Your task –
Starting with the line that has "فإن قيل: الفعل" in the records below and stopping after the line that has "给米粒做的早饭,考虑好玩好吃", output every line exactly and nothing else; skip pictures.

Data for the task –
━━━━━━━━━━━━━━━━━━━━━━━━━━━━━━

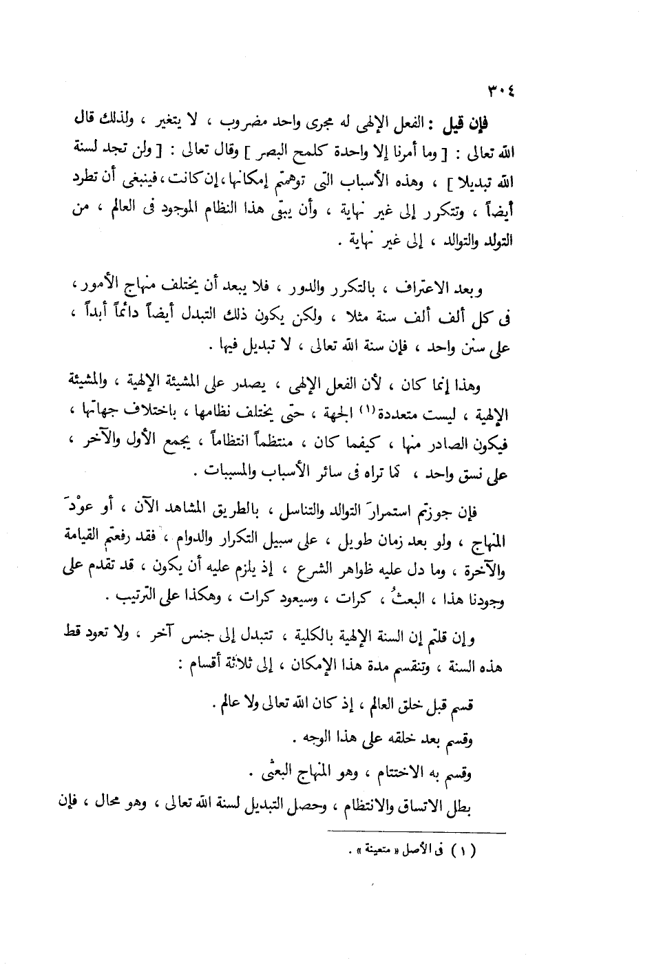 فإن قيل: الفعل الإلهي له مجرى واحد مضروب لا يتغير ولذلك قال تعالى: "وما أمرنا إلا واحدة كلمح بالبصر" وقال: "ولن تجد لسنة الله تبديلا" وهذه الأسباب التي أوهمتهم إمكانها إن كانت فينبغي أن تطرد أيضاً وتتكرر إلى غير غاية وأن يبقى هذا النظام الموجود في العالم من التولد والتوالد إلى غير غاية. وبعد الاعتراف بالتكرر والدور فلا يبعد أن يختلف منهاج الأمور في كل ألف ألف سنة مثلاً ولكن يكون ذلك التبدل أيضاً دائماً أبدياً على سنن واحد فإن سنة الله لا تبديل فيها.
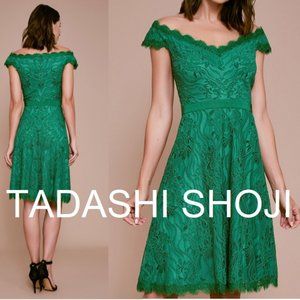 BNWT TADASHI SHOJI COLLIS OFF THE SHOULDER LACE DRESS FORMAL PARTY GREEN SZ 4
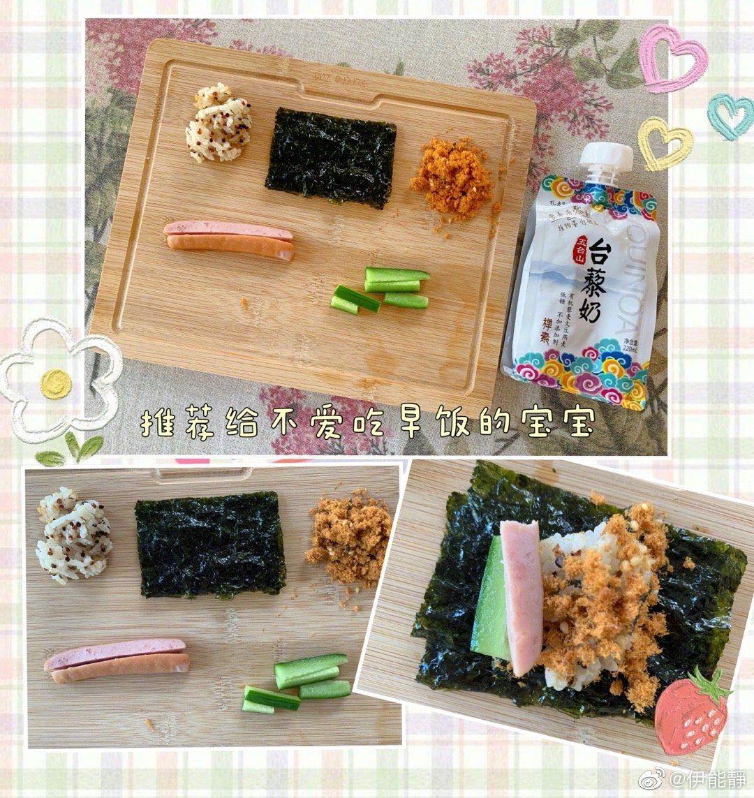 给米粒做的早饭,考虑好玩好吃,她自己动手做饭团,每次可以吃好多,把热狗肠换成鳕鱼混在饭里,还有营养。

━━━━━━━━━━━━━━━━━━━━━━━━━━━━━━

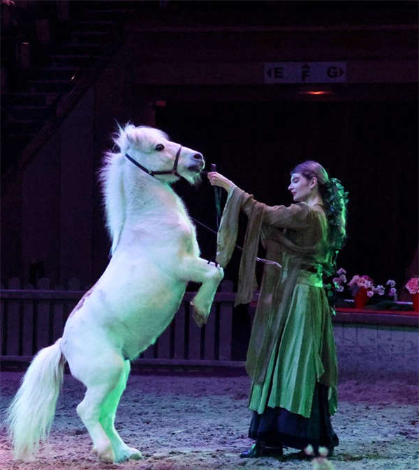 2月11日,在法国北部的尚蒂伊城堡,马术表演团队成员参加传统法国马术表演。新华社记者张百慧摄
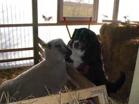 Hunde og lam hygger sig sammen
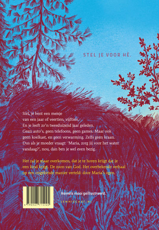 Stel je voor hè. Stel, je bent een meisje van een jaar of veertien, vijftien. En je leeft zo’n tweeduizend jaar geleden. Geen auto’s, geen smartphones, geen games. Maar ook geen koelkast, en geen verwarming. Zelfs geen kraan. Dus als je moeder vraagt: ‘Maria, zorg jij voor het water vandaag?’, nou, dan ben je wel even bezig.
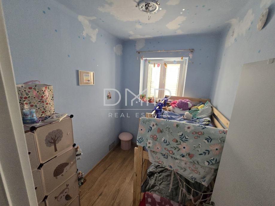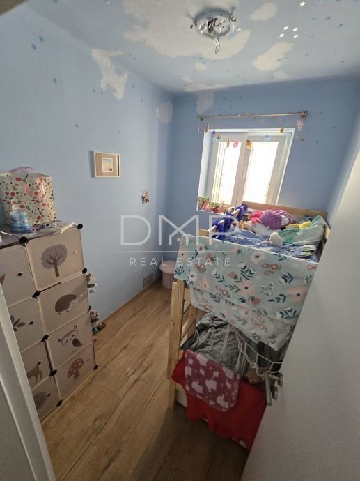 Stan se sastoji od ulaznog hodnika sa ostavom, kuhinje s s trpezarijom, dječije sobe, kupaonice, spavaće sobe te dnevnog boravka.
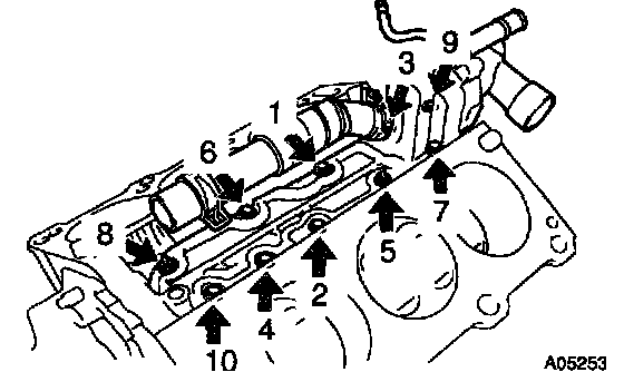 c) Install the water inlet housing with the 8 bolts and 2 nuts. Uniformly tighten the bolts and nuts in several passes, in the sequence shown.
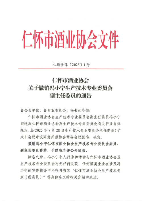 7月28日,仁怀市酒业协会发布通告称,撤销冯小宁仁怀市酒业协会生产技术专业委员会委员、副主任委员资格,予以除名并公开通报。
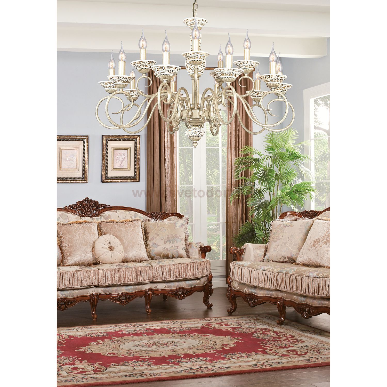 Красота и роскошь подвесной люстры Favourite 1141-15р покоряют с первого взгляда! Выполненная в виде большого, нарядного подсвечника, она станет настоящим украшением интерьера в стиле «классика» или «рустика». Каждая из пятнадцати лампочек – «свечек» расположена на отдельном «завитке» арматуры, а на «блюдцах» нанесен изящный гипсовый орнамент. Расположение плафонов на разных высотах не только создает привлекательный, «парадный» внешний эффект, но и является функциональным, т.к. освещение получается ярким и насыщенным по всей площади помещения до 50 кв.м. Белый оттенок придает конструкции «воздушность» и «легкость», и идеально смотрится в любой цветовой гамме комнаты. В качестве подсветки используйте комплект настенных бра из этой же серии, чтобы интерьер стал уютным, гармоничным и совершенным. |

━━━━━━━━━━━━━━━━━━━━━━━━━━━━━━

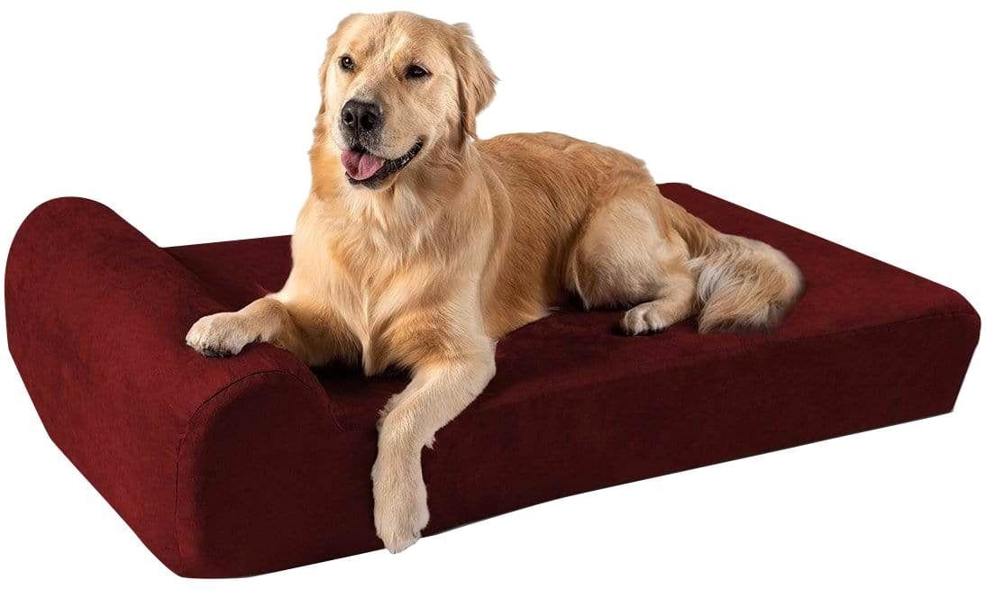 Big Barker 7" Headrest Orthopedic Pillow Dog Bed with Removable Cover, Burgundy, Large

━━━━━━━━━━━━━━━━━━━━━━━━━━━━━━

Completed exercise –
 فإن قيل: الفعل الإلهي له مجرى واحد مضروب لا يتغير ولذلك قال تعالى: "وما أمرنا إلا واحدة كلمح بالبصر" وقال: "ولن تجد لسنة الله تبديلا" وهذه الأسباب التي أوهمتهم إمكانها إن كانت فينبغي أن تطرد أيضاً وتتكرر إلى غير غاية وأن يبقى هذا النظام الموجود في العالم من التولد والتوالد إلى غير غاية. وبعد الاعتراف بالتكرر والدور فلا يبعد أن يختلف منهاج الأمور في كل ألف ألف سنة مثلاً ولكن يكون ذلك التبدل أيضاً دائماً أبدياً على سنن واحد فإن سنة الله لا تبديل فيها.
 BNWT TADASHI SHOJI COLLIS OFF THE SHOULDER LACE DRESS FORMAL PARTY GREEN SZ 4
 给米粒做的早饭,考虑好玩好吃,她自己动手做饭团,每次可以吃好多,把热狗肠换成鳕鱼混在饭里,还有营养。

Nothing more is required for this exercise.